Daily practices like exercise, mindfulness, eating fruits and veggies, spending time with friends, and doing at-home cognitive behavioral therapy (CBT) techniques can help you feel calmer in your day-to-day. Avoiding unhealthy coping mechanisms, like drinking too much alcohol, doomscrolling through social media or gambling can also help you feel better in the long run. 

“Remind yourself, you’re going to make it. If you’re on a waitlist, it might take some time, but you want to think about how you can take care of yourself between now and your appointment time,” Lostutter says.  

Signs you should seek immediate help — and how to do so 

“It’s a bit of a catch-22 concept because if you’re on a waitlist or don’t have a therapist, then you don’t have that same access to care but if you’re noticing signs that things are in more of a dire situation, then what do you do with your inability to access care?” Hatch says.  

First, it’s important to know signs that you should seek help right away. These include: 

  • Active or increased thoughts of hurting yourself or others 
  • Difficulty with basic self-care like meals or maintaining personal hygiene 
  • Increase in alcohol or substance use 

While often harder to notice in oneself, you should also seek emergency support if you are experiencing auditory or visual hallucinations, mania, or severe delusions or paranoia.  

If you are exhibiting these signs or are in a crisis, call or text 988 or go to the ER. You can also use the national suicide prevention hotlines, including those specifically for veterans, and local suicide prevention hotlines for support in a crisis. These services can help you determine if you need to go to the hospital for immediate mental health care.  

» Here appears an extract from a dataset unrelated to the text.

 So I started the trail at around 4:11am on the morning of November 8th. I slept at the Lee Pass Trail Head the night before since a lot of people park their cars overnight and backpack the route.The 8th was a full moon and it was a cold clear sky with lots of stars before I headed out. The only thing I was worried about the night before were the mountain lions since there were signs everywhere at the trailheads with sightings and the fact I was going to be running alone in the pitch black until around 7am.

“I know it can be scary to go to an ER, but the idea is they are there to help you,” Lostutter says. “People worry that if they ask for help in some sort of medical setting they will be committed or escalated to involuntary stay, but in our state that’s rare. The goal is to go and get the help you need.” 

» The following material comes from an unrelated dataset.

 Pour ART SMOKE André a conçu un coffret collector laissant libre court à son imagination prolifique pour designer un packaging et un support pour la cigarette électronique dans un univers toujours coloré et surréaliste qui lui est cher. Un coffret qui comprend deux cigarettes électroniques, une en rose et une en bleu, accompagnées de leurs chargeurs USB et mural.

At the ER, the medical team will complete an assessment, and you may receive counseling on the spot. Social workers will also help provide you with resources tailored to your needs and access so you can continue to receive support once you leave the ER. 

The bottom line 

Help is available, even if it may not be in the form you initially thought.  

While insurance and schedules can make finding a therapist difficult, there are people and resources that can help make the process easier. And by reaching out for support, you are taking a huge step toward caring for your mental health and well-being.